The speed limits had been reduced by 20kph because of a "pollution alert". I think one reason I became a libertarian is that I take laws so seriously they inconvenience me more than those who adopt the Jack Sparrow approach ("more like guidelines really"). So I wanted to comply. The locals seemed unconcerned however, except when the presence of radar controls was signalled, so I went mostly with the flow and complied in the broadest of senses. Two youngsters in a VW Golf amused Mrs P II by giving her the thumbs-down sign as they overtook us – indicating their contempt for Speranza, or more likely the unworthy chap driving her so sedately, 

We took breaks for lunch and petrol and bowled along enjoying the sights of Provence, Beaujolais and Burgundy while listening to our music. The day passed pleasantly enough for all the blistering heat. The roof stayed firmly up. Driving with it down is not much fun at high speed on motorways anyway and we wanted the comfort of the air-conditioning. Besides, the boot/trunk is fuller than when we set out as we have both received gifts and bought some of our own. The space required for the roof to be stowed is full of those acquisitions so the option is not available. 

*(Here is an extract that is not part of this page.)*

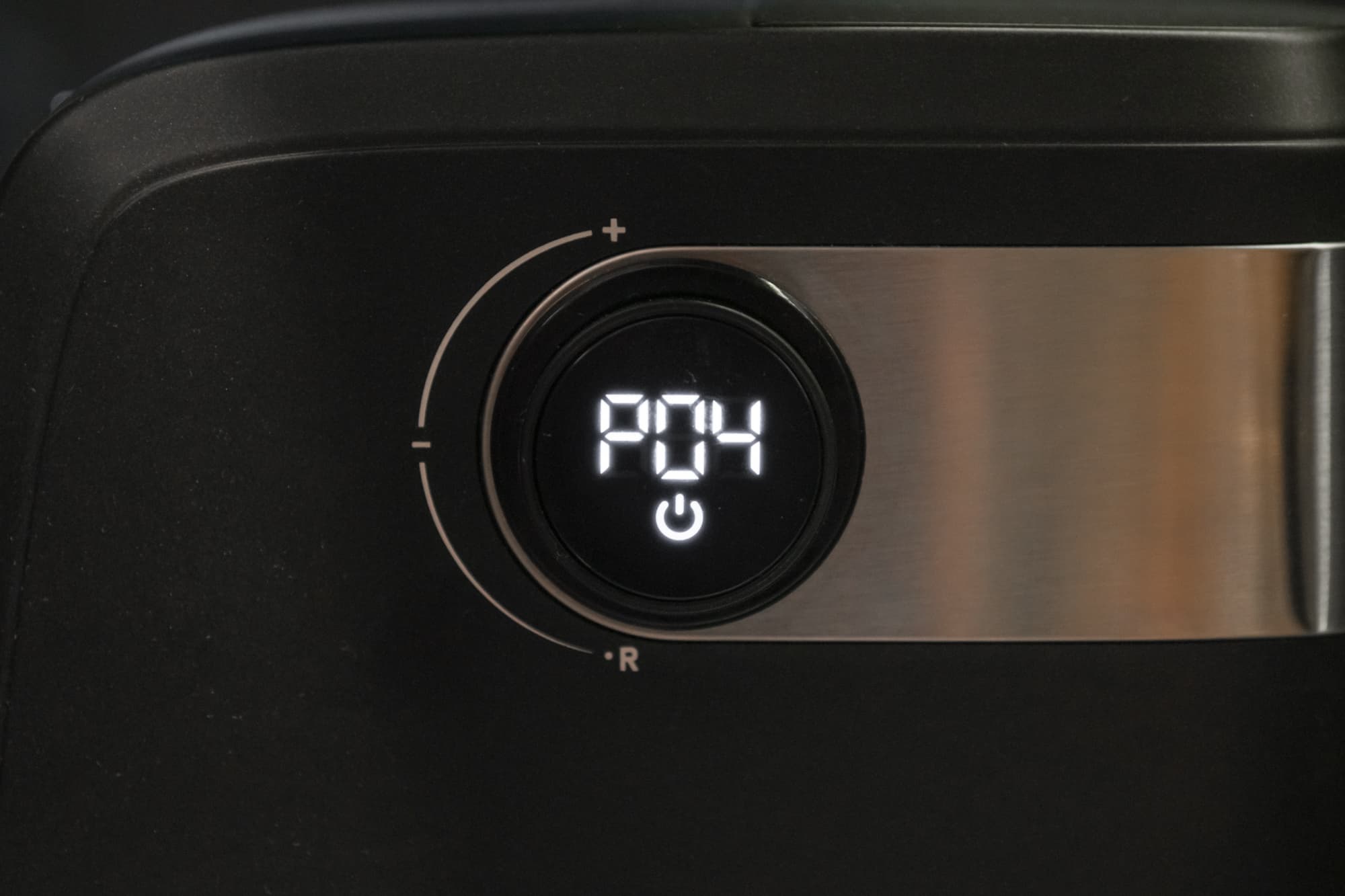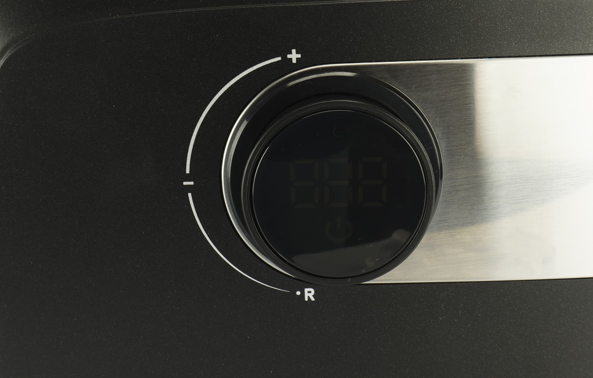 Мясорубка Garlyn MG-2000 управляется круглым поворотным и одновременно нажимным регулятором. При подключении к сети на дисплее встроенном в регулятор появляется знак включения. Для начала работы регулятор следует нажать как кнопку. Загорится индикатор с нулевым значением, которое при выборе скорости будет меняться на соответствующую цифру.

Our hotel in Beaune is another old Abbaye, but no longer in monastic use. It's an impossibly cute hotel now, right in the city centre. We are idling in our air-conditioned room to recover a little before heading out to see the sights and find somewhere informal to eat. Much as Beaune may have restaurants to compete with those we've recently visited, I want somewhere I can go in the denim shorts and Fulham training shirt I am wearing in this  heat!

Apparently this is our last day of it as the weather forecast suggests Epernay – our destination tomorrow – will be a full ten degrees cooler and that it may even rain!